Yandex used the streets of Moscow that swarmed last year with vehicles such as Renault Captur crossovers, BMW 5-series sedans and even Porsche 911 sports cars. The aggressive investment made it the market leader for local rivals Delimobil and BelkaCar.

At the end of 2018 there were 16,500 auto-sharing vehicles in the city and the Transportation Department of Moscow expects that the number will increase by 5,000 vehicles annually in the coming years. The expansion of the fleet followed a boom in users as journeys more than quadrupled to 23 million.

"Russia later started car sharing than other countries, but this allowed us to use the latest technologies," says Anton Ryazanov, head of Yandex.Drive, which expanded to St. Petersburg in December. "Now the Russian market is occupied by local car-sharing companies and the entry of large international players is unlikely."

Yandex NV is the Russian version of Google and has used its strategic position in the center of the digital economy to deepen its ties with consumers through services ranging from shopping centers to music streaming. The company started its push in transport services with cab-hailing app Yandex.Taxi in 2011, now the largest in Russia. It controls the activities of Uber Technologies Inc. in the region.

Car-sharing is the next step to eventually offer a robo-taxi service, the goal of Waymo of Alphabet Inc. By starting with carpooling Yandex gets a pool of customers that can easily switch from driving the company's vehicles to driving. The company also develops the know-how of managing and maintaining a large fleet.

"At the moment we see that use-case scenarios of taxi and car sharing are different," Ryazanov said. "But it is clear that in a number of years, when self-propelled technologies become widespread, these two services will eventually become one.You have the choice to sit in the back seat and the robot will drive or be behind the wheel."

Like most other carpooling services, the vehicles are booked through the app. Yandex & # 39; s has a "radar" function that encourages users when a car is available nearby. After Yandex has introduced the dynamic pricing, the tariffs for services in Moscow can rise when demand is high and vehicles are scarce, but generally around 8 rubles per minute for an ordinary car and 16 rubles for a luxury model. The costs are considerably lower than in the United States and Europe, mainly because of lower labor costs, maintenance and fuel.
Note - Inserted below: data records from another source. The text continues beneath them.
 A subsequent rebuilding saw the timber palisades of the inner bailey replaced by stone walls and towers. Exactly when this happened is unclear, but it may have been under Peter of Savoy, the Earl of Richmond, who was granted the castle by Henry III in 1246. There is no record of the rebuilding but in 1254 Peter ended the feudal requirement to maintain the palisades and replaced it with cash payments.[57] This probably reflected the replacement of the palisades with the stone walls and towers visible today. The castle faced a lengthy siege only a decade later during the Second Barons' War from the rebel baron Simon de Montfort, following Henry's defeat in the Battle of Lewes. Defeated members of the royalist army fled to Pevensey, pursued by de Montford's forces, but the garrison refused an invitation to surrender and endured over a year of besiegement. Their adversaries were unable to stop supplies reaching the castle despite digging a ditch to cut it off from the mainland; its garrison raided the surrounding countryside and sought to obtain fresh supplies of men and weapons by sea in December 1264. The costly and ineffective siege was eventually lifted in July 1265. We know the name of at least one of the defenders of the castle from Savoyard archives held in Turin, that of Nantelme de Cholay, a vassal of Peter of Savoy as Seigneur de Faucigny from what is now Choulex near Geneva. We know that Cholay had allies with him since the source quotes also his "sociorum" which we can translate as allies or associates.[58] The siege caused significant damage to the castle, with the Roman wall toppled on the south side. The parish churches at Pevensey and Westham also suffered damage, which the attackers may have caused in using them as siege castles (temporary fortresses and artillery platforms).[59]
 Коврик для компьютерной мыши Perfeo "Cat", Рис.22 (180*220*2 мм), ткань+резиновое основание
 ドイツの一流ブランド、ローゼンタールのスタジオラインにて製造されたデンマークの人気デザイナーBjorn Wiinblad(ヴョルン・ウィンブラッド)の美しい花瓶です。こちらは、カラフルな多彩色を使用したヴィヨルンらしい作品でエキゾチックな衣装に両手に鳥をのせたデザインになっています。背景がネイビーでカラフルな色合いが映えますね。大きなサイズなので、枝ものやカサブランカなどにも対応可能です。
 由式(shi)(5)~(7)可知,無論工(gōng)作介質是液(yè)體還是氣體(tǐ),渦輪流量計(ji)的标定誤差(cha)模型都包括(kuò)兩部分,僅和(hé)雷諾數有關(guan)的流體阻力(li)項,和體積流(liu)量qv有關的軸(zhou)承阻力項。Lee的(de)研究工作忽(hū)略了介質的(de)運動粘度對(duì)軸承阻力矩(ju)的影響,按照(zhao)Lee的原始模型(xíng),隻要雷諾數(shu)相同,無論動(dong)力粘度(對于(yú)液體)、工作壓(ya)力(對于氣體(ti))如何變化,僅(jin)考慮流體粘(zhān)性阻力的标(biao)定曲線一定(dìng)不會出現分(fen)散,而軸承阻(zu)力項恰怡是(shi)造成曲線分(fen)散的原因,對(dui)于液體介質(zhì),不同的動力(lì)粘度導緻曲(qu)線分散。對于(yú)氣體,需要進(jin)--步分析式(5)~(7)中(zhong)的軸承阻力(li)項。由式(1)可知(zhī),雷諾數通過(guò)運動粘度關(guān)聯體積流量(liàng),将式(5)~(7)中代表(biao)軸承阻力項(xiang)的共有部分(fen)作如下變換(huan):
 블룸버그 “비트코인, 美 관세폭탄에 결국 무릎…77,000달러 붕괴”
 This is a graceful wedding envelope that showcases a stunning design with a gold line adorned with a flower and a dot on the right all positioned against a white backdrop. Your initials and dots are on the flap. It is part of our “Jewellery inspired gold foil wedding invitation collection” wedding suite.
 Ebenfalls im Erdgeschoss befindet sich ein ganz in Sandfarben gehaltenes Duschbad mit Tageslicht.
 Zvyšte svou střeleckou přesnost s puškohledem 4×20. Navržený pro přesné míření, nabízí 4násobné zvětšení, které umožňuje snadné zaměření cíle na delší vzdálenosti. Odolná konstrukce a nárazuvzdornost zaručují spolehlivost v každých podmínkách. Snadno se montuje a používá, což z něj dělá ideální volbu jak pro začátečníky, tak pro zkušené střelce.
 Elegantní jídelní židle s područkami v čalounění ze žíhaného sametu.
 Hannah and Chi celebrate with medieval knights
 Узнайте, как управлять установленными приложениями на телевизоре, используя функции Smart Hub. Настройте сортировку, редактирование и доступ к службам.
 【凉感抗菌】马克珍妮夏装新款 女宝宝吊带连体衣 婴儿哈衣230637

There are also important benefits for users who share cars, such as Barkov. Once a vehicle has been booked, it can be preheated – a useful feature during the cold winters in Russia. When he had his own car, Barkov remembered the gnawing feeling of an upgrade to a more beautiful, more expensive model. But now he enjoys the variety of driving a Russian Lada one day and a Mercedes-Benz the next day.

"I only use cars for utilitarian reasons," Barkov said. "For me it is no difference to drive a car with a cheap interior or a copy with all the leather."